I was talking to my roommate about how all data structures can be emulated through function compositions the other day so I thought I'd prove it.

One of the most versatile data structures is a map, and a map is practically a function already. Sometimes, when we talk about functions, we talk about how they map their domain to their range.

Here's a simple map as a function:

``````map = {'a': 1, 'b': 2, 'c': 3}

# Representing the map as a function f:
f('a') = 1
f('b') = 2
f('c') = 3``````

This is all pretty straightforward in mathematical notation, but obviously this isn't real code.

I'll start with Python. An empty map is pretty easy to represent as a Python function:

``empty_map = lambda _: None``

It's just a function which takes any value and returns None.

It's also pretty easy to create a one variable map as a Python function:

``simple_map = lambda x: 1 if x == 'a' else None``

But how do we go about adding variables to this map? It's easy, just add an if statement:

``new_map = lambda x: 2 if x == 'b' else simple_map(x)``

If we take `new_map('b')`, it evaluates right to 2. If we take `new_map('a')`, it evaluates `simple_map('a')`, which is just 1.

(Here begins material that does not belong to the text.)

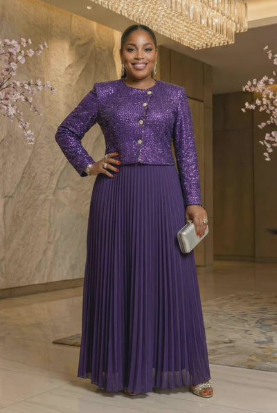 Make a striking statement with this opulent two-piece ensemble, crafted for women who exude confidence and sophistication. The shimmering, sequined jacket adds a touch of luxury and sparkle, perfectly paired with a flowing, pleated maxi dress that offers timeless elegance. Designed from premium fabrics, this set combines radiant glamour with exceptional comfort, making it ideal for high-profile events, soirées, or special occasions.

Now we can draw the rest of the owl:

``````empty_map = lambda _: None

def insert(m, k, v):
return lambda fetched_key: v if fetched_key == k else m(fetched_key)

def remove(m, k):
return lambda fetched_key: None if fetched_key == k else m(fetched_key)``````

To insert a key into an existing map function, we just add a new if statement to the recursion stack. I think it's something that's simpler to understand through code than English. A diagram would probably be helpful but I'm bad at drawing.

Using this code is pretty straightforward:

``````m = empty_map
m = insert(m, 1, "a")
print(m(1)) # a

m = insert(m, 2, "b")
m = insert(m, 3, "a")
m = insert(m, 1, "c")
print(m(1), m(2), m(3)) # c b a

m = remove(m, 2)
print(m(1), m(2), m(3)) # c None a``````

If only Python had a pipe operator, this would look a lot nicer.

It's pretty easy to make a map out of just functions. I think it's evident that any other data structure can be emulated by a map, not counting the performance characteristics. Of course, performance is the one of the biggest factors in choosing a data structure (ergonomics/conceptual model is more important sometimes), otherwise we'd just write fancy interfaces over arrays. However, while this isn't directly useful, it has some cool implications.

Essentially, this is using the call stack to store data, which isn't uncommon in recursive algorithms though this is an extreme version of it. You could have an "empty" map which takes up a lot of space using this method if you just kept adding and removing the same element. This isn't completely a bad thing. It makes this map what's known as a persistent data structure; each version of the map is stored without having to deep copy the data. This is very useful in functional languages where mutation isn't possible. For example, persistence is the main advantage of Jane Street's OCaml `Base.Map` over Base.Hashtbl.

An interesting thought is that while the concept of the "call stack" is a computer science term, it also "exists" in any standard algebraic notation, we just don't call it that.

Another important implication is that use of functions can sometimes be replaced by different data structures. For example, recursive algorithms can often be optimized in languages without tail-call optimization by using a stack.